# New Guy from GA.



## gasmith (Jun 25, 2017)

Hi everyone, first post here.  I work as a gunsmith and have been trained in some machining and have also worked in a machine shop doing precision grinding.  However, I have a limited amount of experience.  I was wondering where the best place to start on the forum would be if anyone had possibly posted tutorials and/or videos that would help me to brush back up.  I havent touched a lathe or mill since '08 and need to get back into it to grow my business.  Any input is appreciated.  Also, anyone who wants to discuss gunsmithing, go ahead and PM me.


----------



## Bob Korves (Jun 25, 2017)

Welcome, gasmith, you have come to the right place!


----------



## Ulma Doctor (Jun 25, 2017)

That lazy Machinist 
Tubalcain (mr.pete222)
Tom's Techniques
Keith Rucker 
Midway USA

all these guys on Youtube are excellent and may have some info that you may desire
these aren't the only guys, but any/all are a good place to start


----------



## wrmiller (Jun 25, 2017)

Welcome to the forums gasmith!

I'm no gunsmith by profession, but have mentored under a very good pistolsmith and have been building my own pistols for USPSA and Steel Challenge type shooting since the mid 80s. Even managed to build a ar-10 based on a 80% lower.

Not sure I can help in any way, but holler if you think I can.


----------



## SSage (Jun 25, 2017)

Pull out the "How to run a lathe" book from South Bend and read through it for a basic refresher.


----------



## gasmith (Jun 25, 2017)

Thanks for the replies guys.  Im working on expanding my capabilities and this is definitely a n area I need to get mastered to be a true professional.


----------



## gasmith (Jun 25, 2017)

wrmiller said:


> Welcome to the forums gasmith!
> 
> I'm no gunsmith by profession, but have mentored under a very good pistolsmith and have been building my own pistols for USPSA and Steel Challenge type shooting since the mid 80s. Even managed to build a ar-10 based on a 80% lower.
> 
> Not sure I can help in any way, but holler if you think I can.
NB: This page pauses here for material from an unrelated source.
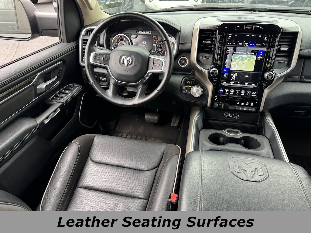 Recent Arrival! 21/29 City/Highway MPG Clean CARFAX.Awards: * JD Power Automotive Performance, Execution and Layout (APEAL) Study Bed Utility Group (Spray In Bedliner), Laramie Level 1 Equipment Group (Auto High Beam Headlamp Control, Blind Spot & Cross Path Detection, Foam Bottle Insert (Door Trim Panel), Rain Sensitive Windshield Wipers, Rear 60/40 Folding Split Recline Seat, Remote Tailgate Release, and Tailgate Ajar Warning Lamp), Quick Order Package 28H Laramie, #1 Seat Foam Cushion, 1-Yr SiriusXM Guardian Trial, 10 Speakers, 12 Touchscreen Display, 3 Rear Seat Head Restraints, 4 Way Front Headrests, 4-Wheel Disc Brakes, 48V Belt Starter Generator, 4G LTE Wi-Fi Hot Spot, 5-Year SiriusXM Traffic Service, 5-Year SiriusXM Travel Link Service, 8.4 Touchscreen Display, ABS brakes, Adjustable pedals, Air Conditioning, Alloy wheels, AM/FM radio: SiriusXM, Anti-Spin Differential Rear Axle, Apple CarPlay, Apple CarPlay/Android Auto, Audio memory, Auto-dimming door mirrors, Auto-dimming Rear-View mirror, Automatic temperature control, Brake assist, Bumpers: chrome, Compass, Delay-off headlights, Disassociated Touchscreen Display, Driver door bin, Driver Seat Memory, Driver vanity mirror, Dual front impact airbags, Dual front side impact airbags, Electronic Stability Control, For Details, Visit DriveUconnect.com, Front anti-roll bar, Front Center Armrest w/Storage, Front dual zone A/C, Front fog lights, Front reading lights, Front Seat Back Map Pockets, Front wheel independent suspension, Fully automatic headlights, Garage door transmitter, Google Android Auto, GPS Antenna Input, GPS Navigation, HD Radio, Heated door mirrors, Heated Front Seats, Heated front seats, Heated Steering Wheel, Heated steering wheel, Illuminated entry, Integrated Center Stack Radio, Leather steering wheel, Leather Trim 40/20/40 Bench Seat, Low tire pressure warning, Memory seat, Occupant sensing airbag, Outside temperature display, Overhead airbag, Overhead console, Panic alarm, ParkSense Front/Rear Park Assist w/Stop (DISC), ParkView Rear Back-Up Camera, Passenger door bin, Passenger vanity mirror, Pedal memory, Power 4-Way Driver Lumbar Adjust, Power 4-Way Passenger Lumbar Adjust, Power 8-Way Driver & Passenger Seats, Power door mirrors, Power driver seat, Power passenger seat, Power steering, Power windows, Radio data system, Radio: Uconnect 12 w/Navigation, Radio: Uconnect 4 w/8.4 Display, Rear anti-roll bar, Rear seat center armrest, Rear step bumper, Rear Wheelhouse Liners, Rear window defroster, Remote keyless entry, Security system, SiriusXM Satellite Radio, SiriusXM Traffic Plus, SiriusXM Travel Link, SiriusXM w/360L, Speed control, Split folding rear seat, Steering wheel mounted audio controls, Tachometer, Telescoping steering wheel, Tilt steering wheel, Traction control, Trailer Brake Control, Trip computer, Turn signal indicator mirrors, USB Host Flip, Variably intermittent wipers, Ventilated Front Seats, Ventilated front seats, Voltmeter, Wheels: 18 x 8 Aluminum Base Painted, and Wheels: 20 x 9 Premium Paint/PolisheD.

Thanks Bill.  I do quite a lot of pistolsmithing that doesnt require machine tools already.  My internal work on metal guns is top notch and I have built several guns for the gamer  crowd.  This includes 1911/2011, Tanfoglio, and CZ.  CZs are my specialty and my fav handguns made.  The industry is moving toward innovation and Im not missing this boat.  lol


----------



## wrmiller (Jun 26, 2017)

We were 'innovating' back in the mid 80s when we started shooting single stack .45s with Clark single chamber comps on them. We've come a long way since then.


----------



## gasmith (Jun 26, 2017)

Some cool stuff is out there now.  I still get a kick out of those old school custom jobs.  Just the ingenuity when there was nothing around.  A local guy here was putting on Smithh revolver sights so 1911s would have an adjustable rear back in the late 70s.


----------



## wrmiller (Jun 26, 2017)

Yup, did a few conversions with S&W revolver sights. Cheaper than buying a Gold Cup. Back then we had to make pretty much everything. I still do for the most part. The 2011 in my avatar is being test fitted with the 40 S&W top end. I made a 10mm auto top end for the same frame with a full profile compensator hogged out of 4140. Absolutely zero muzzle flip during recoil. Works real good. 
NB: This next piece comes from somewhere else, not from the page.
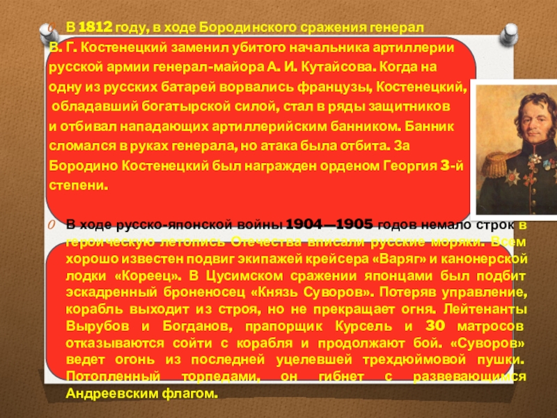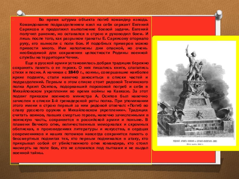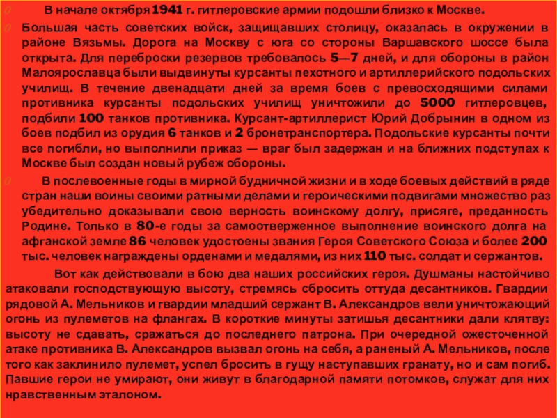 Военная история Отечества включает множество примеров героического поведения российский солдат и офицеров. Приведем некоторые из них.

Nowadays too many so-called gunsmiths just throw parts together to make a pistol. I've had to fix too many like that. Kinda like the auto body shops of today just replace parts instead of working the metal like I learned how to do. Newer is usually better, but not always. 

Had a millennial in my face (politely) at a local match going on about his plastic pistol and how great it was. Not only did I have a better time on the stage, but I had better hits on the targets. With a single-stack Kimber. Don't get me wrong, I love my Glock 20 for what it is, but I still love the 1911 design the best for customizing.


----------



## gasmith (Jun 26, 2017)

The 1911s have the most capacity for custom work and support for such.  The Czech guns and their clones are up and coming.  That being said, some of the plastic fantastic can be ok.  Plastic isnt going anywhere and is actually something a gunsmith has to familiarize himself with. Its more than Glocks now (which is awesome because I cant shoot a Glock worth a damn). Apples to apples, they dont handle as well as metal.  Thats a fact.  All of this aside, machining capability is definitely needed to take your jobs to the next level and incorporate ideas that dont currently exist.  Just out of curiosity, is that an older Kimber youre shooting or have you basically gutted it and replaced the important parts with something else?


----------



## wrmiller (Jun 26, 2017)

Bought this Kimber in the late 90s. It was a stripper, nothing special.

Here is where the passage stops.